=== Dataset section ===

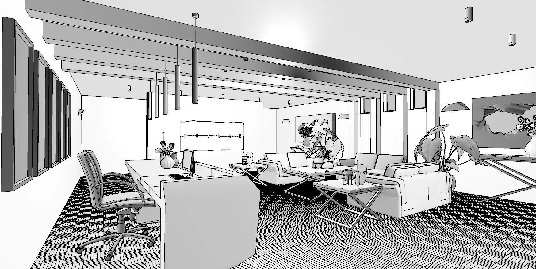 The model has material settings that define how surfaces look (color, shine, transparency, etc.).
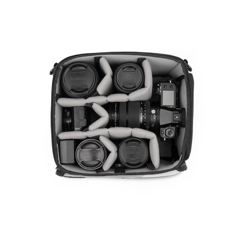 The Essential Deep Camera Cube v2 is a weatherproof storage system for camera equipment, featuring a modular partition system that allows for individual organization. It provides quick access from the side and has elastic holders for smaller accessories, ensuring efficient equipment management.
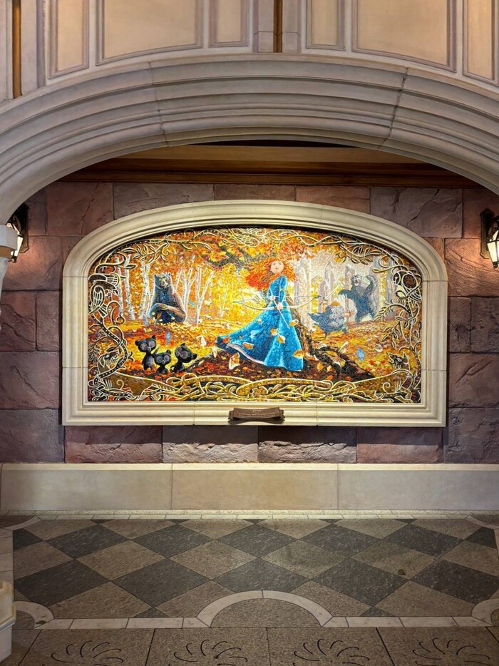 В центре-сердце парка стоит зачарованный замок старой книги, он посвящен всем принцессам диснея и является самым высоким замком среди всех парков. Внутри находятся магазины посвященные принцессам, там же проходят встречи с принцессами. В центре замка красивейшие мозаики посвященные некоторым из принцесс, больше всех из представленных мне нравится Мерида, хотя она не совсем дисней, об этом даже шутили во второй части Ральфа. Очень-очень хотелось приобрести по каноничному платью в замке, но цена очень отпугивала, получалось, около 15-30 тр. В самом замке можно посмотреть сказку про Белоснежку.

===

§ **Exercise objective**:
What is needed is a word-for-word copy of the lines from the start of the data to the line with "The Essential Deep", inclusive, with no pictures in it.

§ **Expected output**:
 The model has material settings that define how surfaces look (color, shine, transparency, etc.).
 The Essential Deep Camera Cube v2 is a weatherproof storage system for camera equipment, featuring a modular partition system that allows for individual organization. It provides quick access from the side and has elastic holders for smaller accessories, ensuring efficient equipment management.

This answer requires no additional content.